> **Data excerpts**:
>>>>

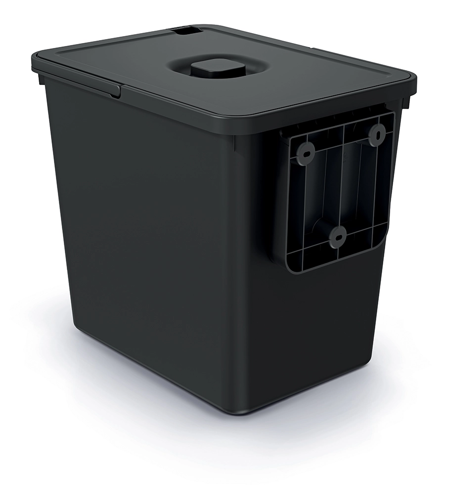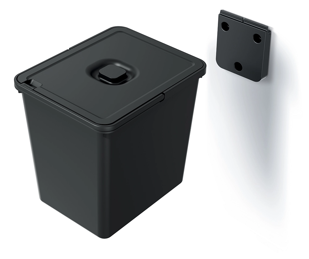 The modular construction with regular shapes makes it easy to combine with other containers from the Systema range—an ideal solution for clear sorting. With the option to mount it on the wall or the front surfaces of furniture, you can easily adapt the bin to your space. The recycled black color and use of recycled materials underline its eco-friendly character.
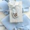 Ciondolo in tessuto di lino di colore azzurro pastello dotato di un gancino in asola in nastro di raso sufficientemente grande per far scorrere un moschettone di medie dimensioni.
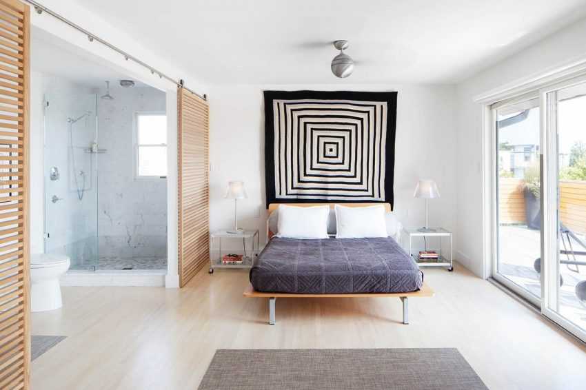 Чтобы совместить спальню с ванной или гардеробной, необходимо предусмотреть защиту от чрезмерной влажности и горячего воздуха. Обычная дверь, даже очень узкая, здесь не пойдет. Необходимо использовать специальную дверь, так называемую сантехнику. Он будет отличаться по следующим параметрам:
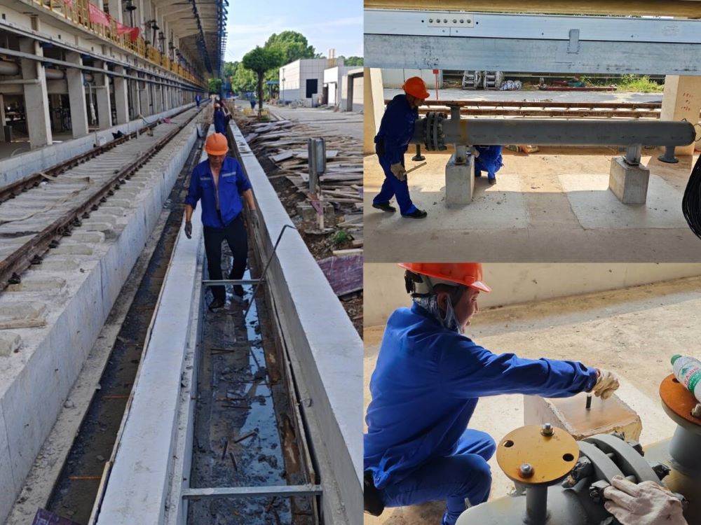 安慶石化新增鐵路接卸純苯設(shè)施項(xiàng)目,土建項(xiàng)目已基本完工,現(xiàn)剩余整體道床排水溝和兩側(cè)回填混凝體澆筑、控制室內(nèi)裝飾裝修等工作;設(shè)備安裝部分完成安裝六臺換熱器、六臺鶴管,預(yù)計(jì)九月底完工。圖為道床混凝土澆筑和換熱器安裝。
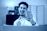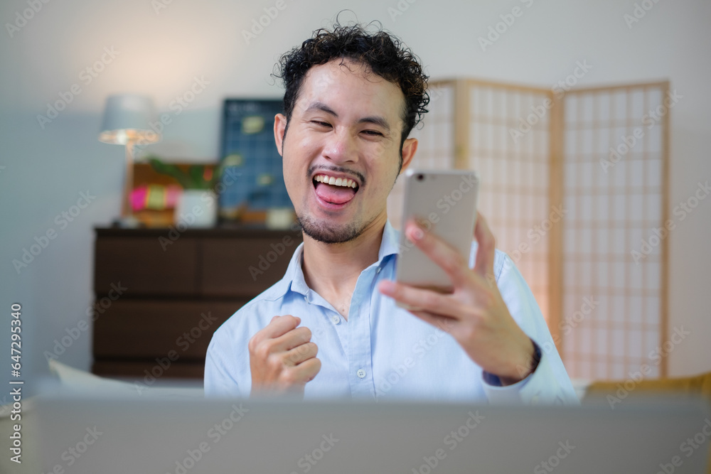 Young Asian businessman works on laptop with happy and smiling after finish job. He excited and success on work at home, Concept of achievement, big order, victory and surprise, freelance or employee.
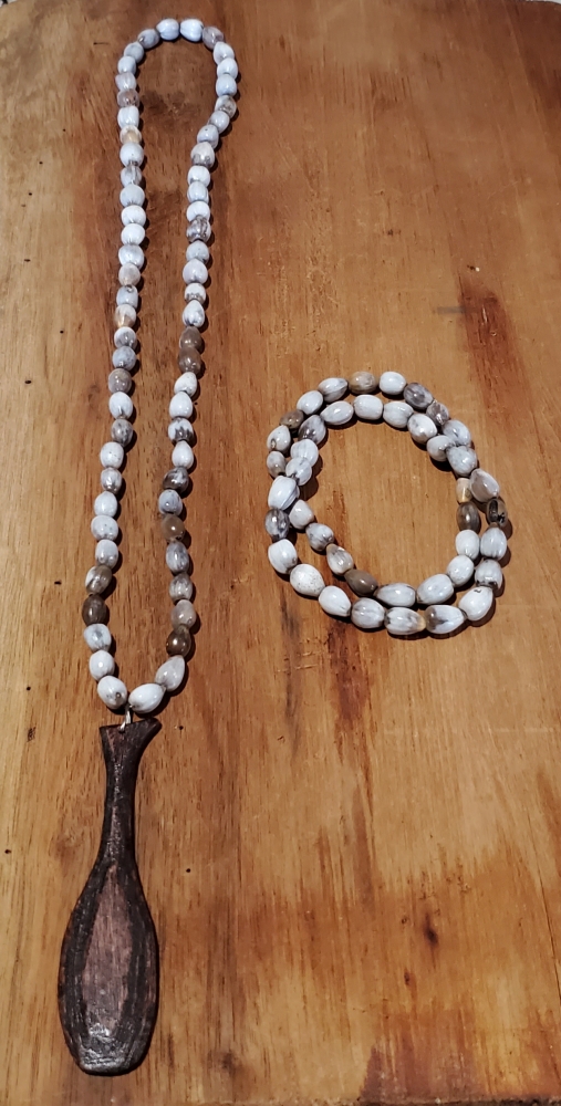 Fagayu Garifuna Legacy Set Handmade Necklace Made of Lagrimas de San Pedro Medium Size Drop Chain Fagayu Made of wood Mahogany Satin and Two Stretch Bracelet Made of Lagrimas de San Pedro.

<<<<

> **Task item**: The result should hold only the lines from the line with "安慶石化新增鐵路接卸純苯設(shè)施項" through the final line of the records above, copied exactly, with pictures left out.

> **Solved problem**:
 安慶石化新增鐵路接卸純苯設(shè)施項(xiàng)目,土建項(xiàng)目已基本完工,現(xiàn)剩余整體道床排水溝和兩側(cè)回填混凝體澆筑、控制室內(nèi)裝飾裝修等工作;設(shè)備安裝部分完成安裝六臺換熱器、六臺鶴管,預(yù)計(jì)九月底完工。圖為道床混凝土澆筑和換熱器安裝。
 Young Asian businessman works on laptop with happy and smiling after finish job. He excited and success on work at home, Concept of achievement, big order, victory and surprise, freelance or employee.
 Fagayu Garifuna Legacy Set Handmade Necklace Made of Lagrimas de San Pedro Medium Size Drop Chain Fagayu Made of wood Mahogany Satin and Two Stretch Bracelet Made of Lagrimas de San Pedro.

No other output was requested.